"Ayah membawakanmu makanan," ucap Go Hyung pada anak perempuannya yang selalu bertingkah manis jika dia sedang ada masalah atau semestinya sedang dalam masalah seperti sakit, saat ini.
"Ayah membawakanku makanan apa lagi? Batu? Masalah? Atau apa?" tanya balik Ji Min tidak bersahabat pada ayahnya, melihat anaknya bersikap kurang sopan Go Hyung memilih tertawa kecil dan menggelengkan kepapanya pelan tanpa objek.
"Makanan yang bisa kau makan, dan makanan yang bisa kau konsumsi dengan perutmu yang sudah tidak sakit lagi. Bagaimana keadaanmu?" tanya Go Hyung memberikan beberapa makanan yang sengaja dia bawa dari mansion (tempatnya bekerja) sesekali dia akan mengunjungi anaknya.
Hampir dua minggu sepertinya Go Hyung melupakan anaknya. Walaupun melupakan anaknya, dia masih ingat dan tahu kewajiban jika dia juga selalu mengirim anaknya uang untuk hidup sehari-harinya.
"Seperti ini, sudah bisa membalas dendam orang yang sudah membuatku hampir mati seperti sebelumnya," balas Ji Min membuat Go Hyung terkekeh tanpa jeda dan sisa jika dia memilih diam saja membiarkan Ji Min kesal lebih dulu.

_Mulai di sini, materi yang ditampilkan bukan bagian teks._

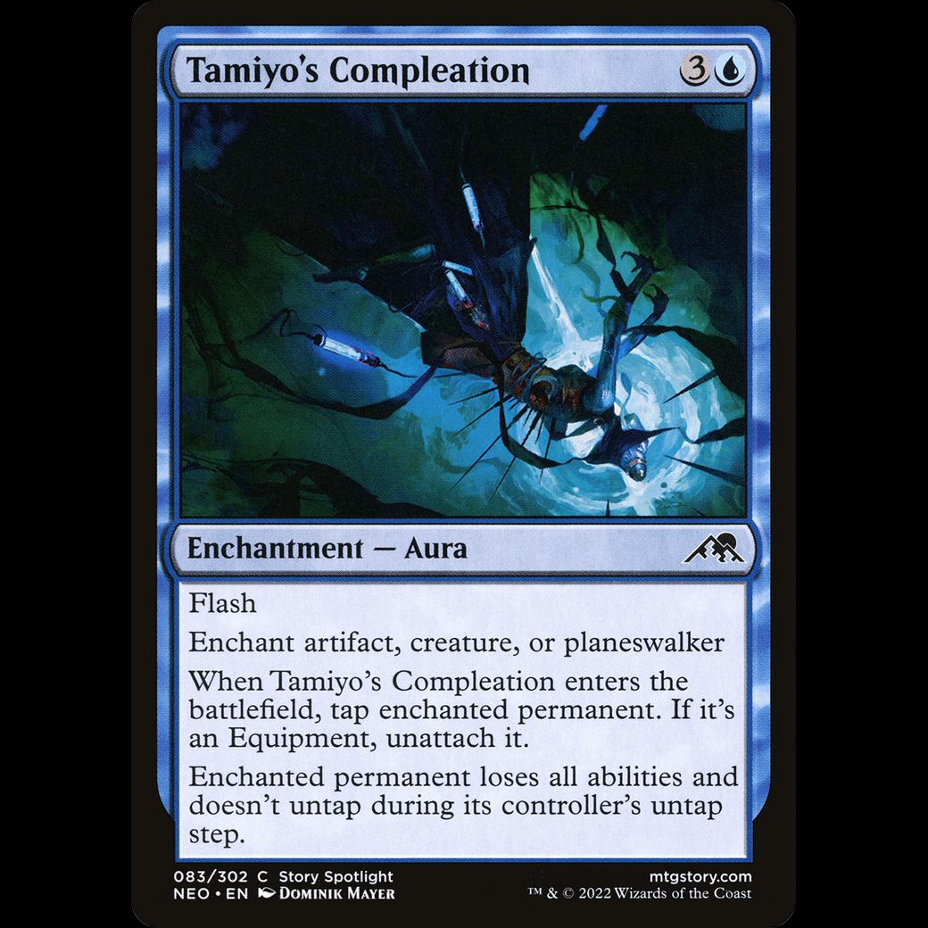 When Tamiyo's Compleation enters, tap enchanted permanent. If it's an Equipment, unattach it.
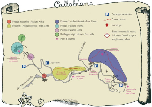 Questo caratteristico borgo Biellese viene spesso denominato il “Paese dei Presepi”, poiché l’oratorio dedicato a San Carlo accoglie durante l’intero anno lo storico presepe meccanico, di ben 80 metri quadrati, visitabile solo durante il periodo natalizio e rappresentante il villaggio natio di Gesù in un paesaggio ispirato al panorama del Biellese, è possibile notare i grandi santuari di Oropa e Graglia. Quest’evento è stato ampliato nel 2018 dall’iniziativa Presepi e alberi di Natale nel Bosco, dove i visitatori, per tutto il periodo natalizio e gratuitamente, possono passeggiare immersi nella natura ed ammirare diverse creazioni, realizzati da studenti della provincia di Biella o da privati che ne fanno richiesta, raffiguranti presepi o alberi di Natale. Ci saranno due percorsi collocati nei boschi delle frazioni di Callabiana e saranno presenti molte sorprese, tutte da scoprire camminando (si veda mappa). Si raccomanda l’utilizzo di scarpe e abbigliamento adatti.
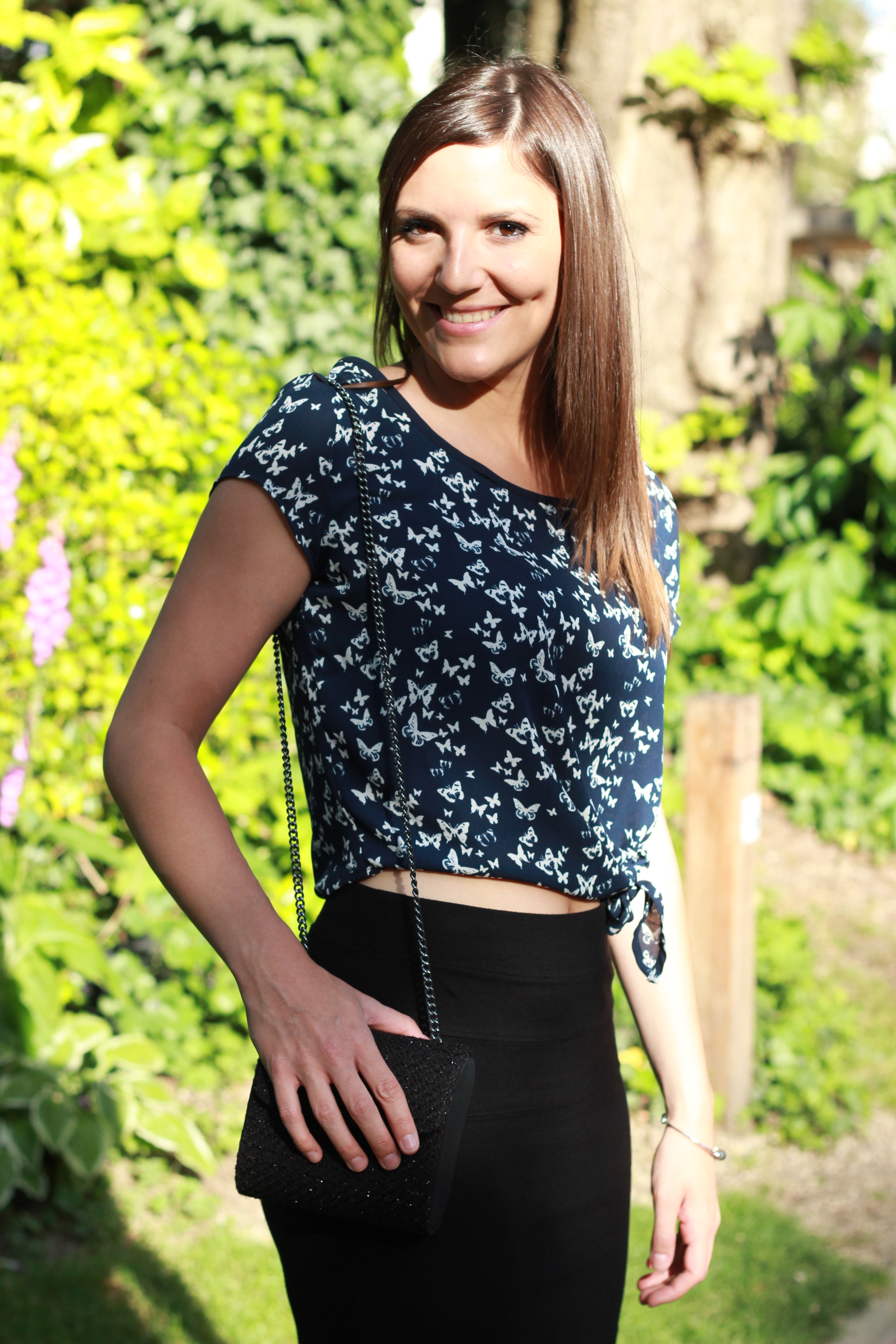 J’aime beaucoup l’association jupe et crop-top ! Puis avec les papillons il est vraiment top !
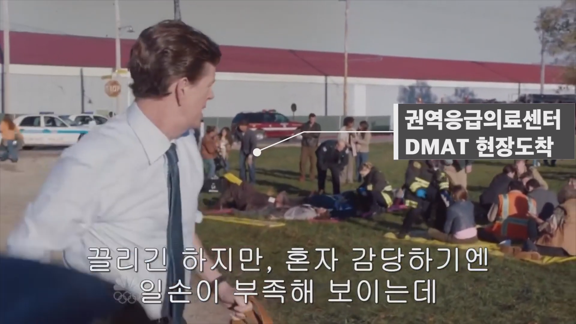소방대원이 재난의료지원팀(DMAT)을 요청한다.

"Ayah tidak akan menutupiku kan? Ayah tidak akan menghalang-halangiku lagi untuk menghancurkan Eun Ra? Aku benci luka ini, Tae Hyun sama sekali tidak ku benci. Tapi wanita itu, aku bahkan sudah menunggu saatnya." Ji Min kesal, bukan main dia ingin mengeluarkan masalahnya tanpa jeda, namun bagi Go Hyung itu hanya masalah pribadi yang kecil.
Dia memiliki hal serius lagi mengenai hal baik dan penting yang perlu dibicarakan dengan anak perempuannya, semengerikan Song Ji Min semengerikan apapun anaknya. Go Hyung tahu cara memperbaiki beberapa sisi yang perlu dia ketahui dan lancarkan.

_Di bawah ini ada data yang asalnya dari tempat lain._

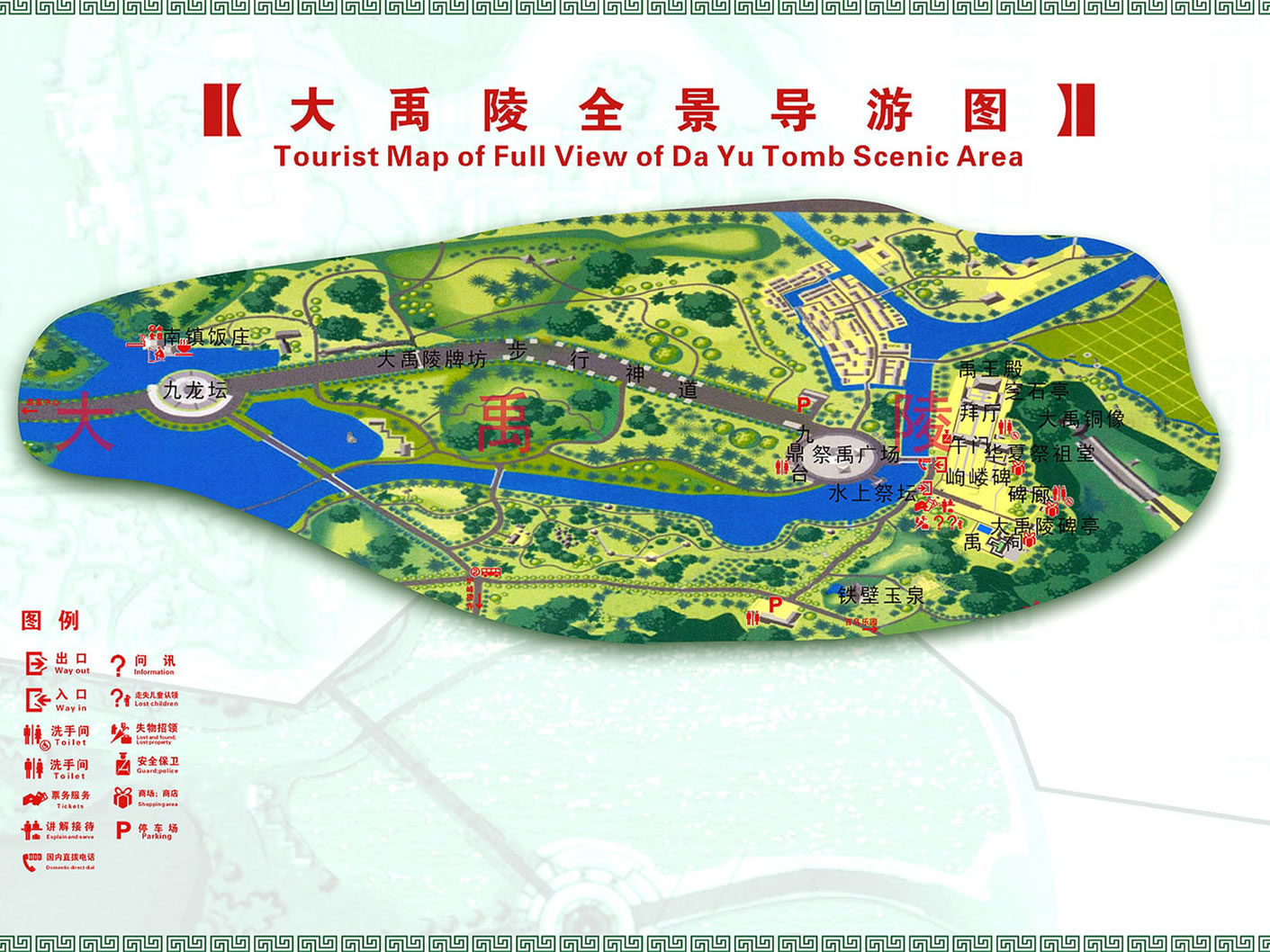 1995年5月15日,江澤民同志親臨大禹陵視察,高度評(píng)價(jià)大禹、大禹精神及公祭大禹陵活動(dòng),并親筆題寫了“大禹陵”坊額。
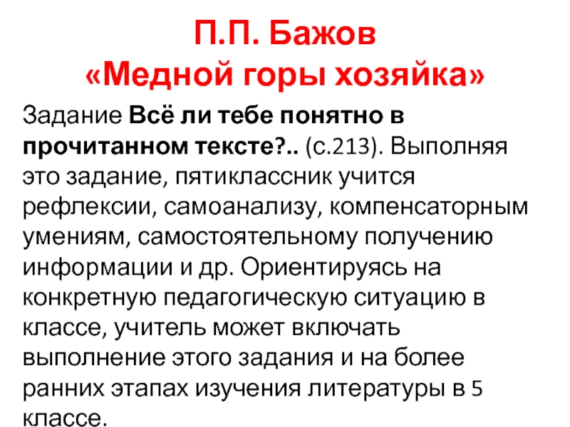 в прочитанном тексте?.. (с.213). Выполняя это задание, пятиклассник учится рефлексии,
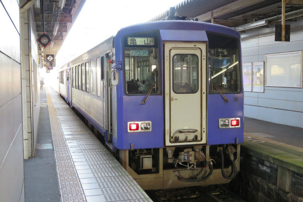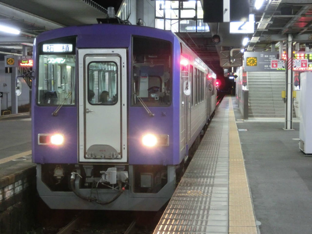 今回乗車した関西線の列車は こちら。 2両編成のキハ120形です。
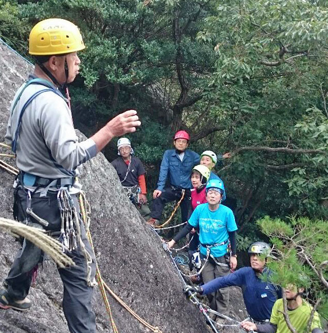幕岩教室は、鷹取山、モミソ懸垂岩、広沢寺、湯河原幕岩などの岩場で、トップロープのクライミングとビレイ(登攀者の確保)を学びます。また懸垂下降の訓練も行います。トップロープのクライミングを楽しめるようになることを目的としています。
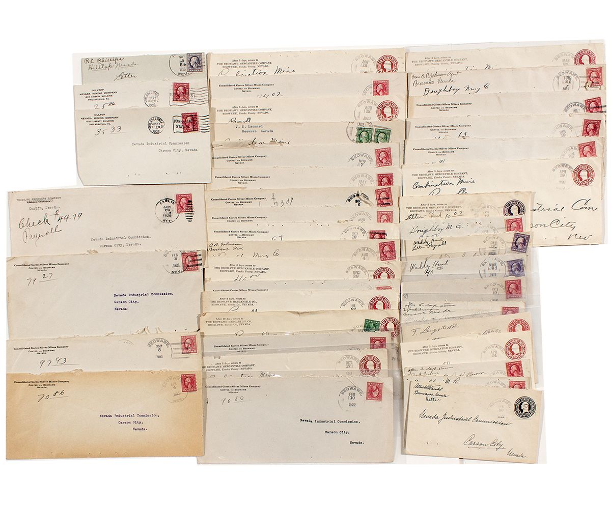 c1921 This is a lot of postal covers from various Lander County towns, including Hilltop (DPO), Beowawe (DPO), Carlin (DPO) and Cortez (DPO). All are in good condition. These are from former Nevada State Treasurer Dan Franks' collection. - HKA#66050
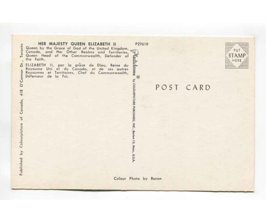 Her Majesty Queen Elizabeth II No 123E postcard Unused Condition - noticeable corner/edge wear, crease in corners, marks on card front, soiling/m..
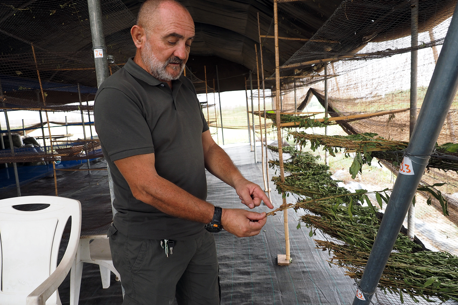 Cuando se realiza el corte, la planta pasa al secadero. Allí se lava bien para eliminar hojas y demás impurezas. Luego se coloca en unos paneles donde permanece tres días, si ayuda el levante, o siete, si no lo hace. “Si tarda más se retrasa el proceso”, apunta Luis. “Si cortas y no consigues secar estás muerto, hay que llenar el secadero pero ir vaciando también”, añade. Luego se ripia la planta para quitarle el tallo y se embolsa. Cada bolsa, de unos tres kilos. Así se la vende a productores alemanes. Aquí todavía no puede.
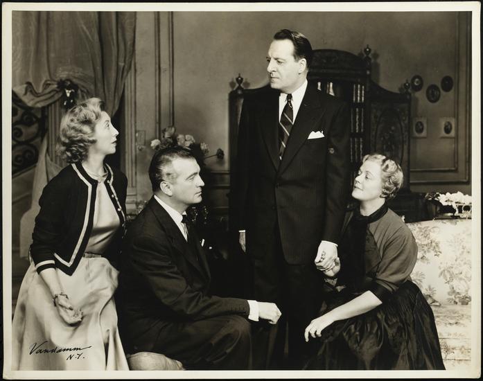 [William Whitman as Peter Crewe, Edna Best as Jane Fowler and Adrienne Corri as Ann Tower in "Jane".]

"Bicaralah serius dengan ayah dulu, Ji Min," minta Go Hyung, alis anak itu menaik katrna dia bingung. Ada apa? Masalah apa? Dan ada apa lagi yang baru?

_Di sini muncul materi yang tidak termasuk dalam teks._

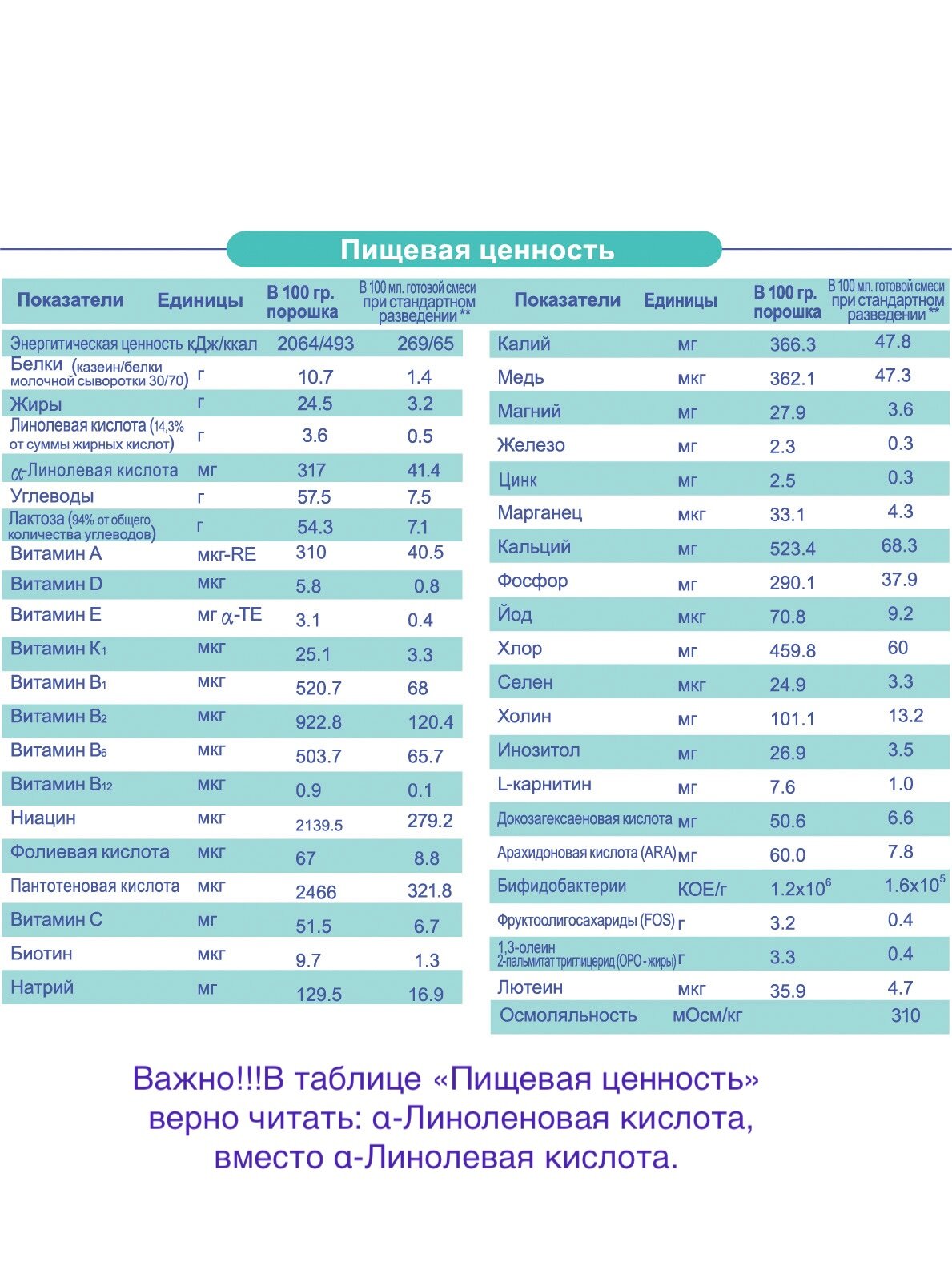 | Состав | деминерализованная овечья молочная сыворотка / смесь растительных масел (кукурузное / рапсовое / кокосовое / подсолнечное / соевое) / козье молоко / 1,3-олеин 2-пальмитат триглицерид (OPO жиры) / фруктоолигосахариды (FOS) / L-карнитин тартрат / витамины: (витамин A / витамин D / витамин E / витамин K1 / витамин B1 / витамин B2 / витамин B6 / витамин B12 / витамин C) / ниацин / фолиевая кислота / пантотеновая кислота / биотин / холин / инозитол / минералы (селенит натрия / цитрат натрия / иодид калия / карбонат калия / сульфат меди / сульфат магния / сульфат железа / сульфат цинка / сульфат марганца / карбонат кальция / трикальция фосфат / хлорид калия) / фосфолипиды / (омега -6) арахидоновая кислота / (омега - 3) докозагексаеновая кислота / пробиотики (бифидобактерии Bb-12) / лютеин |

"Apa mansion menjadi sangat berantakan semenjak aku sakit?" Go Hyung menggelengkan kepalanya pelan, dia sama sekali tidak bermaksud untuk membuat anaknya kehilangan kepercayaan dirinya, hanya menurut Go Hyung, anaknya hanya perlu sadar akan situasi dan kondisinya.
"Ji Min, dengarkan ayah. Jika maksudmu berperang tidak dalam kubu ayah, namun kau berperang untuk melawan ayah tanpa kau minta, ini salah."
"Apa ini, ayah tahu, ayah sadar, jadi selama ini kau masih berhubungan dengan pria itu?" Ji Min langsung sadar apa yang sedang ayahnya katakan, matanya menajam, dia menatap sinis pada ayahnya untuk beberapa kali seakan-akan menunjukan sinyal jika dia tidak ingin dan dia butuh waktu.
"Ayah, jangan membawa orang lain dipembahasan kita," tegur Ji Min saat dia tahu kemana arah dan tujuan bicara ayahnya padanya, Ji Min hanya tidak ingin orang yang sejak lama dia sukai disakiti oleh ayahnya.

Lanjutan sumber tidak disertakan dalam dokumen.